Deeply personal in the way it gets told, Lingua Franca feels like such an authentic story. It does not come with grand sweeping moments, which a narrative of this type has the potential to be. Pain certainly exists, but when you can be deported at any time, things just have to get done in order to finally have a level of safety and certainty in life. Olivia battles with this struggle throughout this movie as she needs to find a man willing to marry her. She cares not for finding true love as a prerequisite, as she’s willing to pay to expedite the process. This process would be the only way to fully put a shield of Immigration always weighing on her mind. 

The understated nature of this film may surprise many, but it highlights what makes this story worth watching. Everything happening with Olivia details a life where she has a mother back home asking for money and her trying to keep a brave face in front of everyone else. So much of the story lies internally with this lead character, which allows the addition of Alex as a good converse to this story. He has struggles with alcoholism and through the conversations he has with other characters, it can be assumed he has burned some bridges only family members would be willing to repair. He gets a brand new start by staying with his grandmother, thus sharing the same roof now as Olivia, who works as the caregiver. Their paths cross at highly impactful moments in their lives where they need someone. Olivia more so for her own safety while Alex needs someone to anchor him somehow. 

The dynamic set between them creates this unease because Olivia is a transgender woman and everything the film presents about Alex and his friends does not point to the idea of him being tolerant of her identity. When they begin their romantic courtship, it builds some unease because they work well together but at some point, Alex will learn about Olivia and the results have the potential to be unsavory. While this unease stays within the story, Olivia’s identity, in the story overall, just exists for what it is. It highlights a woman well past the transition phase where all the operations are complete. She’s living her life just the way she wants, which feels refreshing. It does not center on the pain of her identity, but rather the terrible circumstances of being an undocumented immigrant in a constant state of fear ICE will eventually find her. 
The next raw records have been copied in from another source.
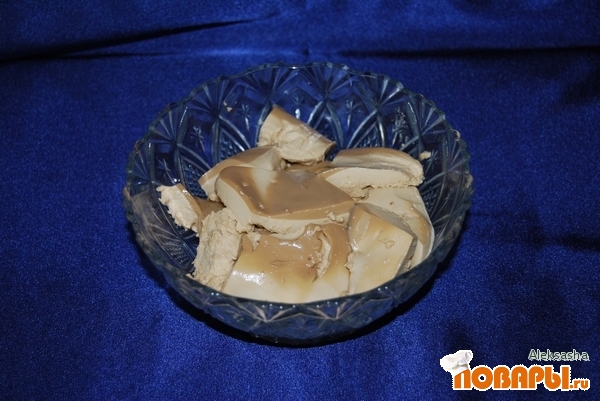 Смешиваем взбитые сливки с сахаром, кофе с ликером, желатин. Ставим в холодильник до полного застывания, затем режим на кусочки и аккуратно выкладываем в креманку.
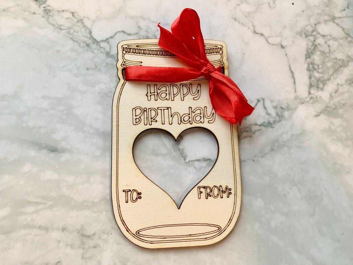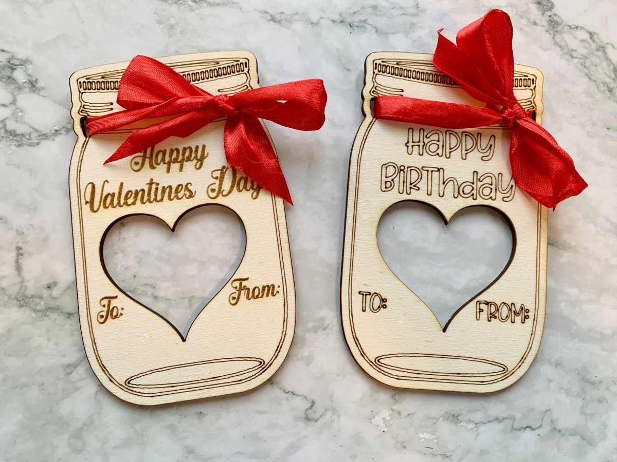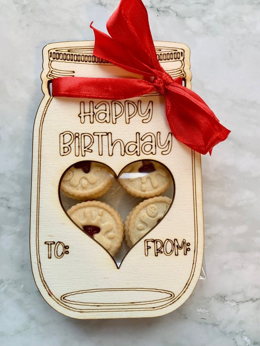 Each wooden engraved mason jar is professionally laser etched and comes with a zip lock bag that can be attached to the back of the engraving and filled with your choice of treat. There are also two holes for attaching a ribbon and a bow, which we can either do in house with red ribbon, or leave blank to attach your own coloured ribbon.
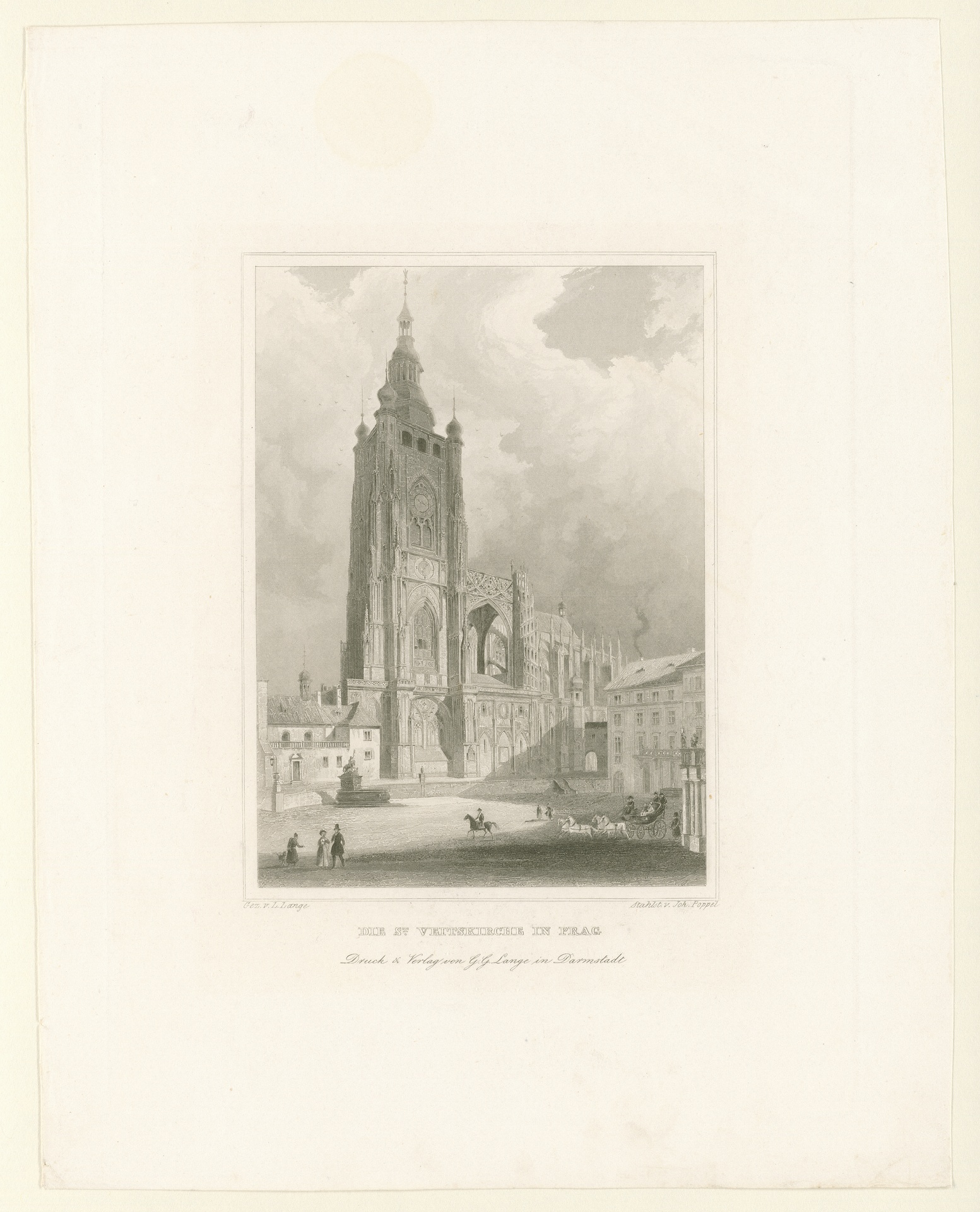 Der St. Veitsdom in Prag, 1842 - Stich von Johann Gabriel Friedrich Poppel nach einer Zeichnung von Ludwig Lange, erschienen bei Gustav Georg Lange, Darmstadt, 1842
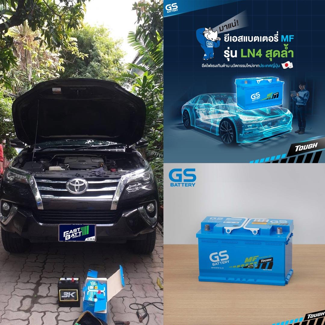 Toyota All new Fortuner 2.8 ดีเซล มาพร้อมระบบ Auto Start-Stop ใช้แบตเตอรี่ชนิดพิเศษ EFB BATTRERY รองรับ ระบบ Auto Start Stop โดยเฉพาะ แบตเตอรี่ในกลุ่ม EFB 385LN4-ISS (Idling Stop System) จะราคาสูงกว่าแบตเตอรี่ทั่วไป โดยทางร้านขอแนะนำแบตเตอรี่ราคาเป็นมิตรที่สุด และคุณภาพถือว่าเป็นเบอร์ต้นๆ เลยก็ว่าได้สำหรับแบตเตอรี่ในกลุ่มนี้ *GS LN4-DIN90 EFB ขนาด 90 แอมป์ (DIN90) จุดเด่นของแบตเตอรี่รุ่นนี้คือตะกั่วหนา ทนทาน แอมป์สูง กำลังสตาร์ทสูง ออกแบบมาเพื่อรองรับ Auto Start Stop โดยเฉพาะ ขอแนะนำว่าแบตเตอรี่รุ่นนี้คุ้มค่าน่าสนใจจริงๆ ครับ
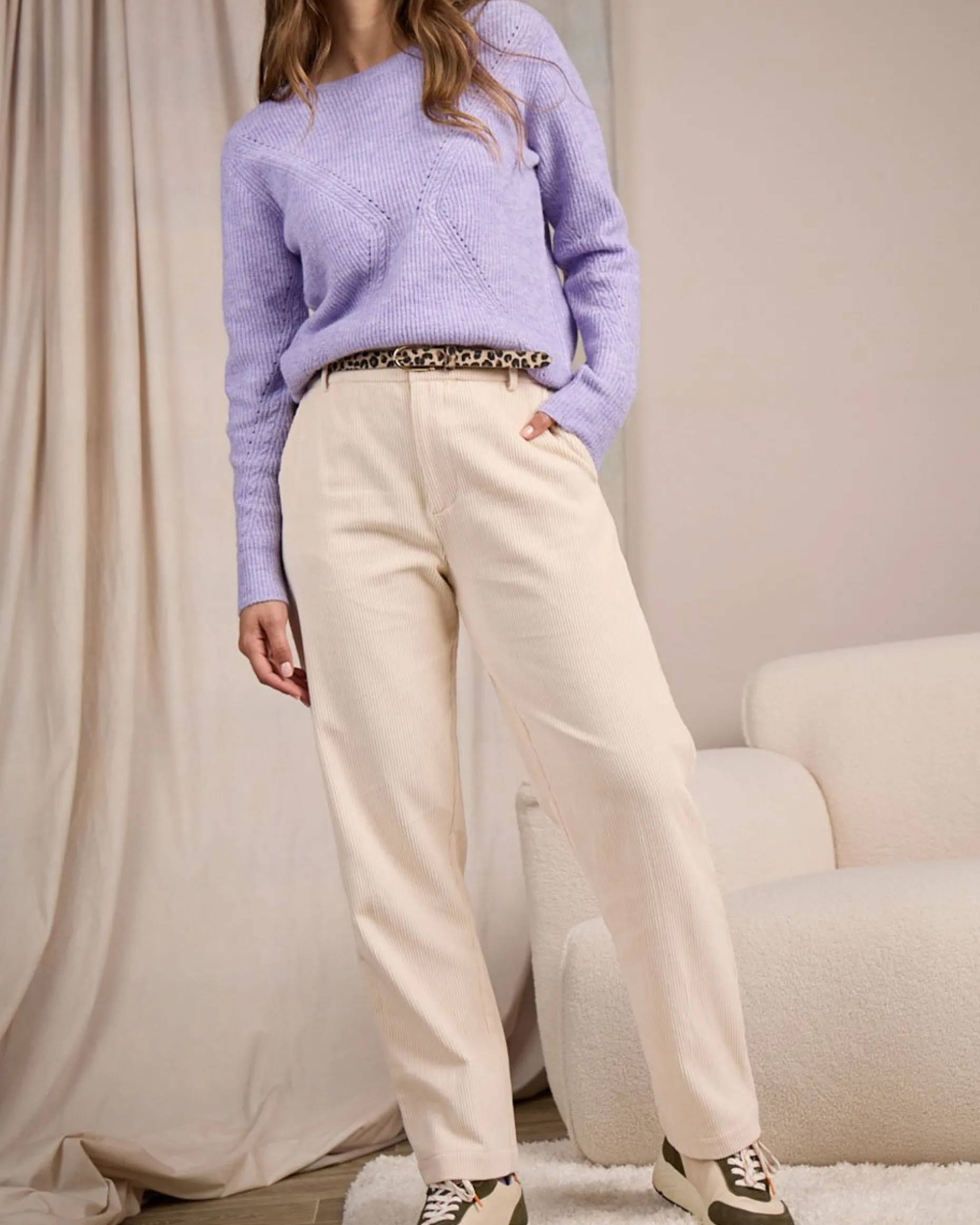 À la fois décontracté et élégant, ce pantalon chino pour femme est une pièce phare du dressing ! Cet intemporel se renouvelle avec une teinte écrue et de belles finitions. Pour en faire une pièce au goût du jour, il est doté d’un effet en velours côtelé, de poches sur le devant et de fausses poches passepoilées à l’arrière. Savant mélange de chaleur et de douceur, il est idéal pour la saison ! Craquez pour son tombé impeccable pour apporte du style à vos looks.
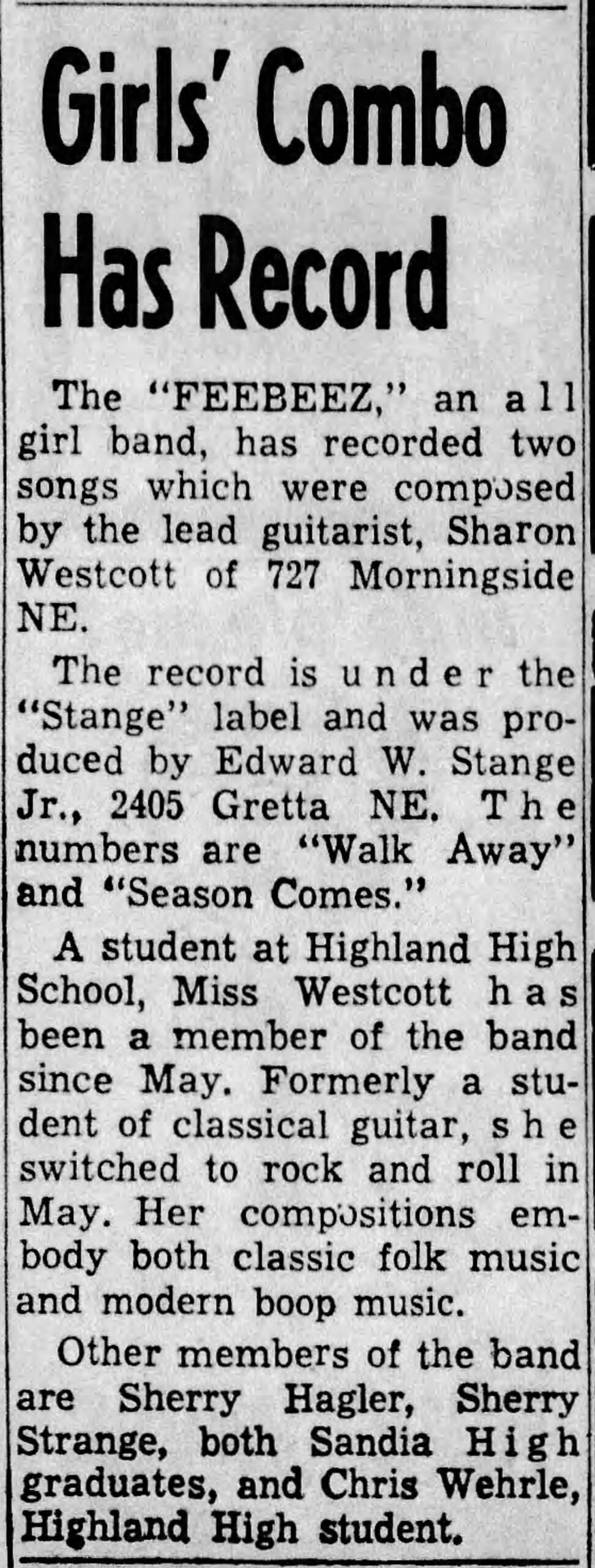 The “FEEBEEZ,” an all girl band, has recorded two songs which were composed by the lead guitarist, Sharon Westcott of 727 Morningside NE.

Directing, writing, and starring, Lingua Franca is a completely imagined project by Isabel Sandoval. She works wonders with this story as its genuineness stands out as one of its greatest features. Telling this story inspired by her own displays someone who knows this particular struggle and documents what this everyday feeling of being unsafe puts on someone’s conscience. Olivia works everyday and sustains a lifestyle not only for herself, but also sending money back to her mother. However, the dependency she needs from another man for marriage takes away the ability to have complete control of her circumstances. She does not have time for love, she needs an anchor amid the storm. 

Moving in its portrayal and something so singularly made, Lingua Franca takes its time with the story and by the end, it sets the reality also while providing some semblance of hope. Isabel Sandoval truly stands out with her directorial work in setting the mood of this piece and honestly portraying the journey to safety many individuals in this scenario face.